■ What you are asked to do ■
Apart from the pictures, every line below is to be set down exactly.
### The data
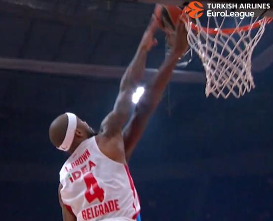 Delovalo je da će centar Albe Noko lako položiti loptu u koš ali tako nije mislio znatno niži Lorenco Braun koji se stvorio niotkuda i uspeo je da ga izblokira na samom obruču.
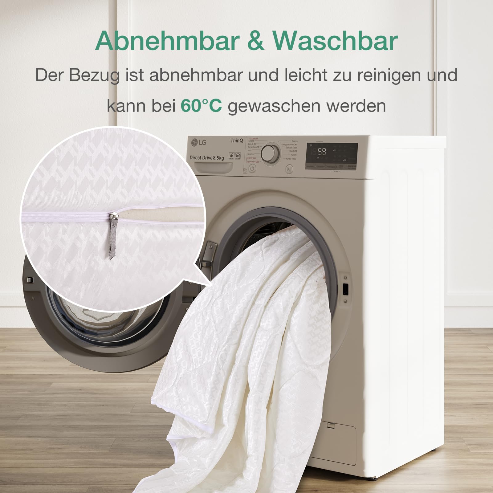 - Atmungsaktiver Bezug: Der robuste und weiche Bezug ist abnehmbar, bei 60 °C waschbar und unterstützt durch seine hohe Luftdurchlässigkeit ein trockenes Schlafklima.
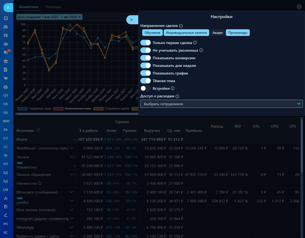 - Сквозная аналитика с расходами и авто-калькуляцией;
######
■ Answer box ■
 Delovalo je da će centar Albe Noko lako položiti loptu u koš ali tako nije mislio znatno niži Lorenco Braun koji se stvorio niotkuda i uspeo je da ga izblokira na samom obruču.
 - Atmungsaktiver Bezug: Der robuste und weiche Bezug ist abnehmbar, bei 60 °C waschbar und unterstützt durch seine hohe Luftdurchlässigkeit ein trockenes Schlafklima.
 - Сквозная аналитика с расходами и авто-калькуляцией;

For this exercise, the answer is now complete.